The default theme is awful (1.1.x or whatever I had was beautiful, right out of the box) – It took me forever just to get the home page working with two widget columns (surely that wouldn’t have been hard to include in the release..?) but the profile page… ooooh no, it’s a disaster In 1.1.x I had no problems tweaking the profile page to make it do what I want… with 1.2 it defaults to the awful activity stream and I have to click through to profile on every user to see if he comes from xgGT54GRerju and works at Ox8iHghuf34 before I delete him as a spammer.
I started using BP because I needed to replace an ancient platform that I’d written myself ages ago, and I wanted something reliable and extensible because I just don’t have the free time to work on my site anymore. BP 1.1.x was exactly what I wanted (I tried Elgg and some other yucky, heaving nonsense before stumbling on the beautiful BP).
But now it’s just gone off on an utterly bizarre tangent and lost all its intuitive user- (and admin-)friendliness
I know it’s free and I know I’m moaning and not being productive but I really can’t write plugins or themes for BP (much as I would love to – I can’t even work out how to put the wire back) but I feel it’s very sad to see something so good (and so free) go so wrong
Yeah I just got two spam private messages in the last two days. Here is the latest one:
Please reply back with my email (anabel . awaza 01 @ yahoo . co . uk)
Dearest,
How are you over there?
I know that you would be excited for the fact that you do not know who is writing.

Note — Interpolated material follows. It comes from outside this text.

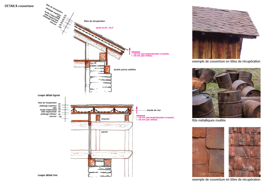 Le projet propose de perpétuer le témoignage de la double activité des alpagistes au tournant de l’ère industrielle, en retenant la mise en œuvre de fonds de fûts métalliques, fixées par clouage sur le platelage formant pare-neige.

Actually my name is Mis. Anabel Awaza,Please my dear i will like us to hold a good long time relationship with real love.and I have something very important that I need to share with you. I am very serious; I shall tell you more about myself and send you my picture in my next mail.please reply back with my email address (anabel . awaza 01 @ yahoo . co . uk))
Hoping to hear from you soonest.
Yours Anabel.
View Spammer’s BuddyPress profile:
https://buddypress.org/community/members/anabel4you/
5887735Inactive
Message spam is getting out of hand.
5887735Inactive
This same spammer showed up on my site today. It seems to me a bot figured out how to hack BP.
I have a site also receiving tons of activity stream spam and agree that an admin link with “Mark as Spammer” on the stream page is a great idea.
thanks for your advice and replies
my fear re being blacklisted was a bit exaggerated, I have checked lost lists and our domain/ip is OK (only one place has one blacklisted)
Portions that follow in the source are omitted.